* _Recorded data_

========

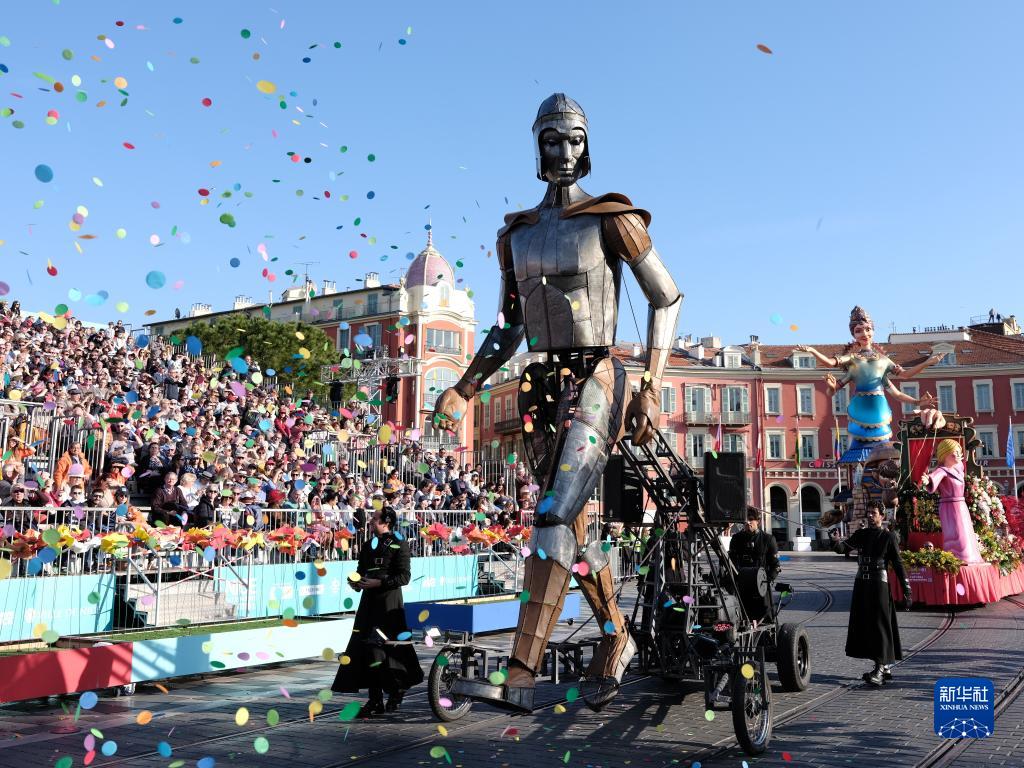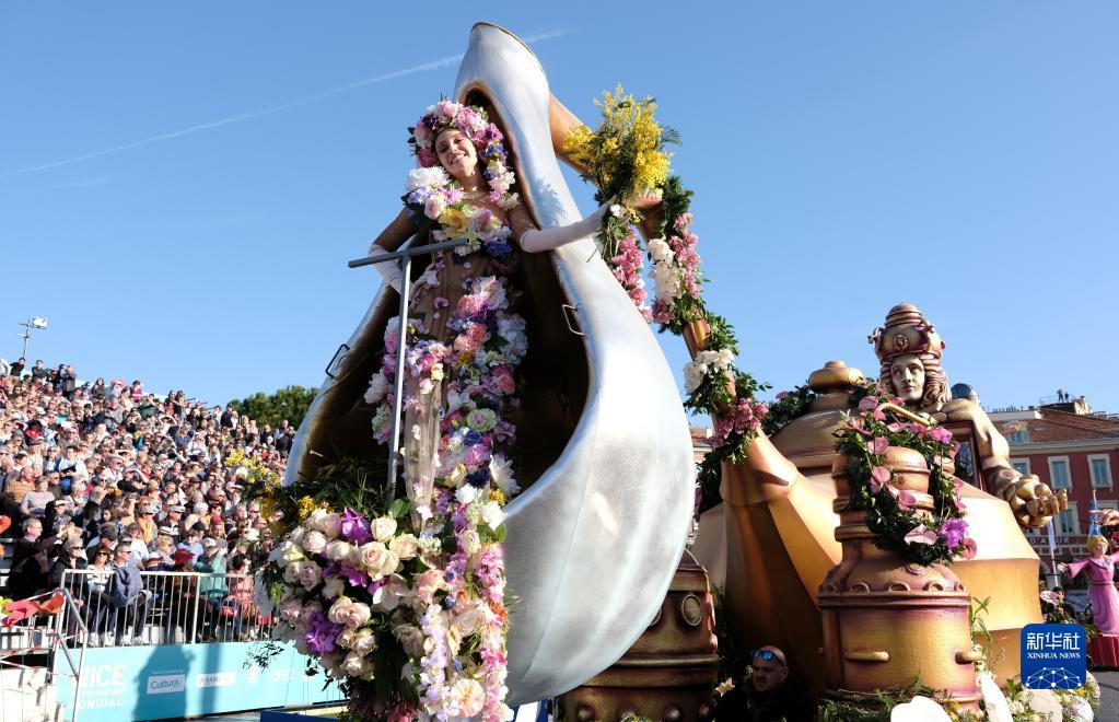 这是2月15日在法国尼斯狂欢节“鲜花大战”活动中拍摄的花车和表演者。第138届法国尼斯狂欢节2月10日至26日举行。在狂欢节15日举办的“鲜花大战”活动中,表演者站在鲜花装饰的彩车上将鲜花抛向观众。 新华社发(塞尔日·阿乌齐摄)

========

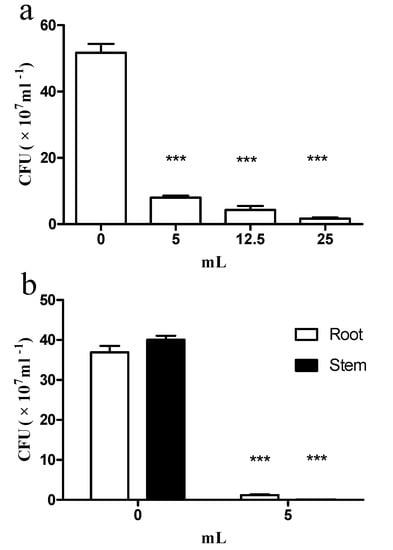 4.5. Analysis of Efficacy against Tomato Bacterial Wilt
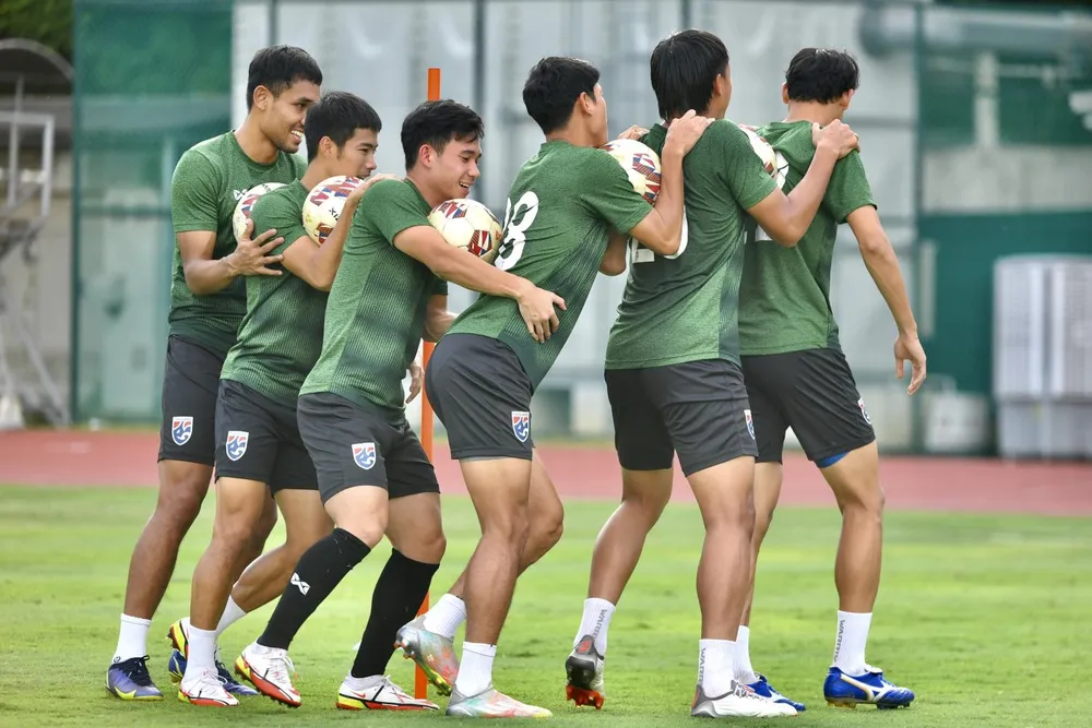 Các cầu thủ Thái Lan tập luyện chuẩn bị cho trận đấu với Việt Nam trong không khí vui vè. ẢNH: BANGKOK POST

========

* _Task objective_
Using the records above, return word for word the lines that begin at the one containing "4.5. Analysis of" and end at the one containing "Các cầu thủ", both of them included and no pictures.

* _Solution_
 4.5. Analysis of Efficacy against Tomato Bacterial Wilt
 Các cầu thủ Thái Lan tập luyện chuẩn bị cho trận đấu với Việt Nam trong không khí vui vè. ẢNH: BANGKOK POST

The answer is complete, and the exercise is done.